→ **WORK REQUEST**:
In the entries below, repeat only the lines between those holding "Le jury a dû" and "များကို လက်မှတ်ရေးထိုးခဲ့ကြကြောင်း သိရသည်။", inclusive. Leave pictures out.

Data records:
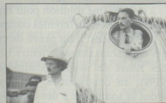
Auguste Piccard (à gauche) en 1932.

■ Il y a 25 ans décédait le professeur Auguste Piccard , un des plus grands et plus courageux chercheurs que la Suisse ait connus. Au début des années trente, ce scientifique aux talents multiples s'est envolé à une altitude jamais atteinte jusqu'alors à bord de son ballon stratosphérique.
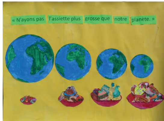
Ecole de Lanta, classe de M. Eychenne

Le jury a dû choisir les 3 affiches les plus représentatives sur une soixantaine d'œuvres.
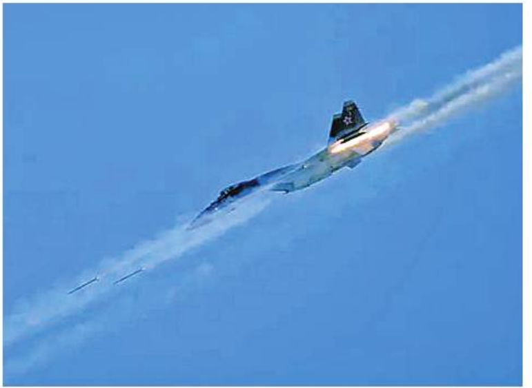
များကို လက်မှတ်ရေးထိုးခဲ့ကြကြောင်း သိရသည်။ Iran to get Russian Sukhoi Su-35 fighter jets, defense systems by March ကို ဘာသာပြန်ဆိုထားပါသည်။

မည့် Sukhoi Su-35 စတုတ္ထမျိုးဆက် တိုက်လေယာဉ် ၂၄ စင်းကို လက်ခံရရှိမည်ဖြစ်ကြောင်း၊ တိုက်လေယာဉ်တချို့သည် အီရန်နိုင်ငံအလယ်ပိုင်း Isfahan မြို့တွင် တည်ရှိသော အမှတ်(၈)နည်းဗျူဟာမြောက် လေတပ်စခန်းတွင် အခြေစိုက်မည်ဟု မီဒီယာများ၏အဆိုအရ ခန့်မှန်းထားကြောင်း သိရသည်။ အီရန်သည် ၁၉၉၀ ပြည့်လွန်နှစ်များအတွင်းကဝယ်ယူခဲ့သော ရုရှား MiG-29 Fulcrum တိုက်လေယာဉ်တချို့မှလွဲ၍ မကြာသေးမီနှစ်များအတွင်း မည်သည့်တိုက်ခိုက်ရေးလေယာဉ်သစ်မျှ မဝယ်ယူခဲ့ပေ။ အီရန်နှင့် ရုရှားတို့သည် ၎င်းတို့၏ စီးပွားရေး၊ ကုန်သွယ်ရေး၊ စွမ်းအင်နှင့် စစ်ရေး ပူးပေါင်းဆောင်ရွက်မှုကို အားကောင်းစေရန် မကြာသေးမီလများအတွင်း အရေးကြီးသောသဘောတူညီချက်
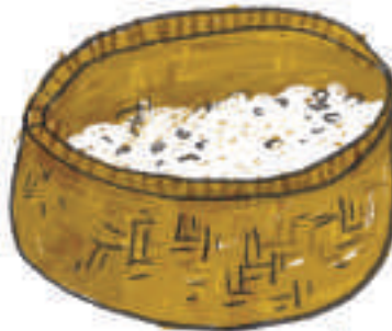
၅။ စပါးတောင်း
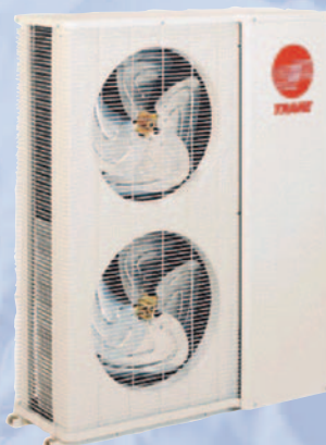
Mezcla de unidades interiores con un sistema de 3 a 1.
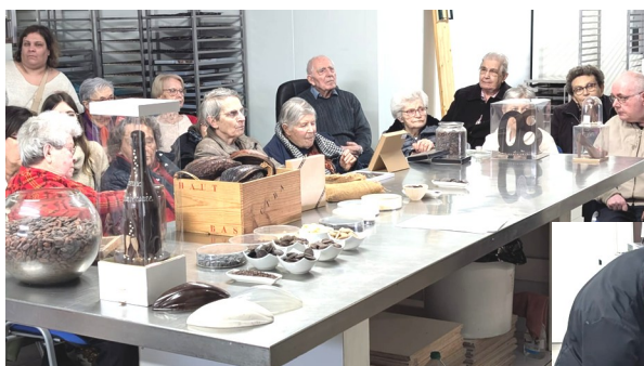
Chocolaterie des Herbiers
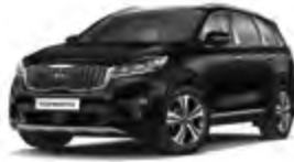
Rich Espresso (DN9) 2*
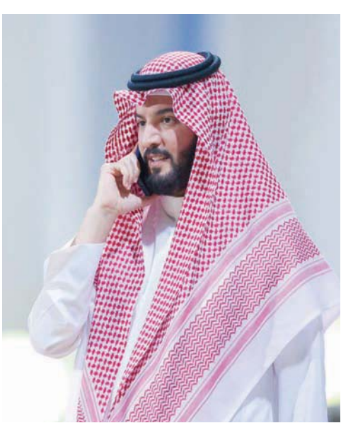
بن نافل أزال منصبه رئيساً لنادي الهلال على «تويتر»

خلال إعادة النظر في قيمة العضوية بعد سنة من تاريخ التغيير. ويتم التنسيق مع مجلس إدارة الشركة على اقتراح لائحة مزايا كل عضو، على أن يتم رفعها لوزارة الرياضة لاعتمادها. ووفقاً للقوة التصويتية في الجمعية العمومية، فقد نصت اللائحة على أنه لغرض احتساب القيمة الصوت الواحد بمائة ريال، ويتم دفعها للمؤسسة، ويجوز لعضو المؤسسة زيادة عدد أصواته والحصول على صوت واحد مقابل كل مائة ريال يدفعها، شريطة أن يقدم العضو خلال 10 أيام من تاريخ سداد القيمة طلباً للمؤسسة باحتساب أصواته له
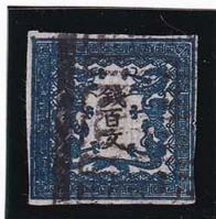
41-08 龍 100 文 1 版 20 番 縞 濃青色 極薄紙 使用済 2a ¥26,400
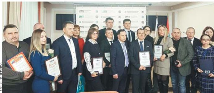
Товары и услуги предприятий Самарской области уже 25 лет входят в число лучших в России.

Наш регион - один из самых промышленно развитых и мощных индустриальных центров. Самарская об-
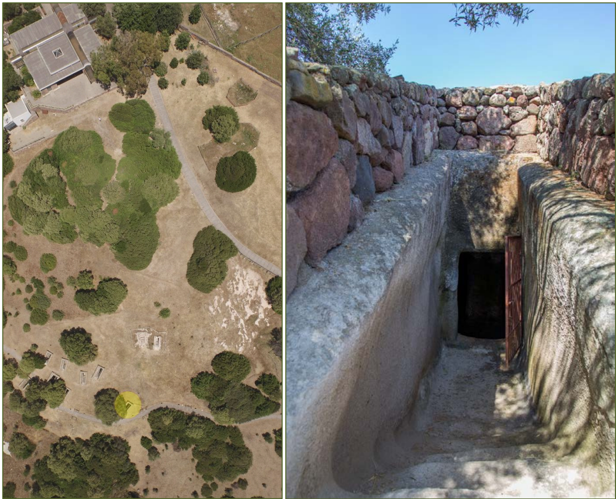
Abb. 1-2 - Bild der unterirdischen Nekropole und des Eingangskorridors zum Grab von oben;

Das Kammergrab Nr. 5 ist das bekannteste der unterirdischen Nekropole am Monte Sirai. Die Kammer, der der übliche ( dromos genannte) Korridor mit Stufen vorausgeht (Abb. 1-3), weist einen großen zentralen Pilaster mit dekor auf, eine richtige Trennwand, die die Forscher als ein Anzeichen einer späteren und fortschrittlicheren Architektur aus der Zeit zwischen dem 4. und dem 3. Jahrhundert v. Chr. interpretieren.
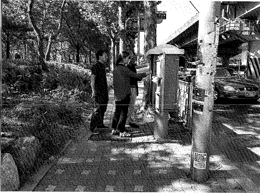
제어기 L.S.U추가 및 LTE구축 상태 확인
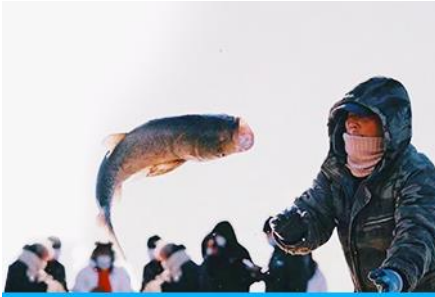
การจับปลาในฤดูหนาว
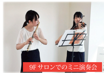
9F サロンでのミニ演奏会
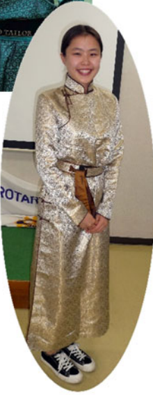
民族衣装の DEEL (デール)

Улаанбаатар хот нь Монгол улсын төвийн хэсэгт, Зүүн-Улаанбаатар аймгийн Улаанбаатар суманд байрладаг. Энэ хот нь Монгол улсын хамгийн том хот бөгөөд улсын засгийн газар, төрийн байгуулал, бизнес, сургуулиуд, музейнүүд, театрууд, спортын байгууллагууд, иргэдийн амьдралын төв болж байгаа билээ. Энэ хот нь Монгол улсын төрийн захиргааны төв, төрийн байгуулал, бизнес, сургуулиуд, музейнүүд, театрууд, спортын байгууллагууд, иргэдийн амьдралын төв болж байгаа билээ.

→ **WRITTEN RESPONSE**:
Le jury a dû choisir les 3 affiches les plus représentatives sur une soixantaine d'œuvres.
များကို လက်မှတ်ရေးထိုးခဲ့ကြကြောင်း သိရသည်။ Iran to get Russian Sukhoi Su-35 fighter jets, defense systems by March ကို ဘာသာပြန်ဆိုထားပါသည်။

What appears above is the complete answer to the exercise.